Visualizations communicate paired relationships more effectively than summary statistics alone. Here are two essential plots:

fig, axes = plt.subplots(1, 2, figsize=(12, 5))

# Plot 1: Paired observations with connecting lines
ax1 = axes[0]
for i in range(len(df)):
    ax1.plot([0, 1], [df['baseline_bp'].iloc[i], df['followup_bp'].iloc[i]], 
             'o-', color='steelblue', alpha=0.5, linewidth=1)

ax1.set_xticks([0, 1])
ax1.set_xticklabels(['Baseline', 'Follow-up'])
ax1.set_ylabel('Systolic Blood Pressure (mmHg)')
ax1.set_title('Individual Patient Trajectories')

# Add mean lines
ax1.axhline(df['baseline_bp'].mean(), color='red', linestyle='--', 
            linewidth=2, label=f"Mean baseline: {df['baseline_bp'].mean():.1f}")
ax1.axhline(df['followup_bp'].mean(), color='darkred', linestyle='--', 
            linewidth=2, label=f"Mean followup: {df['followup_bp'].mean():.1f}")
ax1.legend()

# Plot 2: Distribution of differences
ax2 = axes[1]
sns.histplot(df['difference'], kde=True, ax=ax2, color='steelblue')
ax2.axvline(0, color='black', linestyle='-', linewidth=2, label='No change')
ax2.axvline(df['difference'].mean(), color='red', linestyle='--', 
            linewidth=2, label=f"Mean: {df['difference'].mean():.1f}")
ax2.set_xlabel('Change in Blood Pressure (mmHg)')
ax2.set_ylabel('Count')
ax2.set_title('Distribution of Individual Changes')
ax2.legend()

plt.tight_layout()
plt.savefig('paired_ttest_visualization.png', dpi=150, bbox_inches='tight')
plt.show()

The left plot shows individual trajectories, revealing whether the treatment effect is consistent across patients or driven by a few extreme responders. The right plot displays the distribution of differences, making it easy to assess normality and identify outliers.

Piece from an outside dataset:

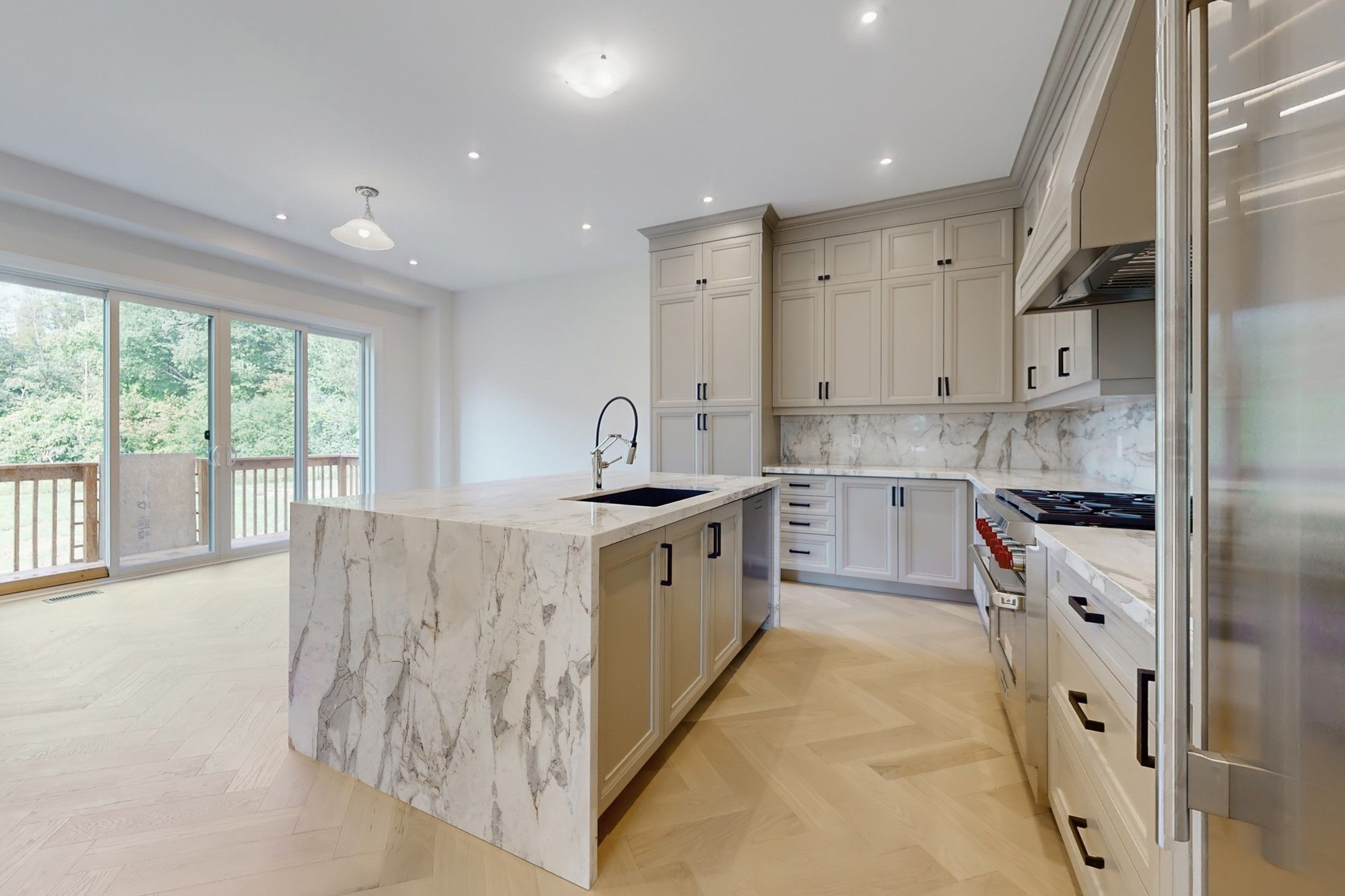 • Gourmet kitchen featuring high-end appliances and quartzite countertops.

Conclusion and Best Practices

Here’s the complete workflow for paired t-tests in Python:

Verify pairing: Confirm observations are genuinely paired and have a 1:1 correspondence.
Check normality: Apply Shapiro-Wilk to the differences, not raw data.
Run the test: Use scipy.stats.ttest_rel() with correct argument order.
Calculate effect size: Report Cohen’s d alongside p-values.
Visualize: Create paired trajectory plots and difference distributions.

Common pitfalls to avoid:

Using independent t-tests on paired data: You lose statistical power and may miss real effects.
Ignoring effect size: A significant p-value with negligible Cohen’s d means nothing practically.
Forgetting to check normality of differences: Test the differences, not the original measurements.
Small sample sizes without normality: With n < 30 and non-normal differences, switch to Wilcoxon signed-rank.

When your data violates the normality assumption, the Wilcoxon signed-rank test (scipy.stats.wilcoxon()) provides a robust non-parametric alternative. It tests whether the median difference equals zero rather than the mean, making it resistant to outliers and skewed distributions.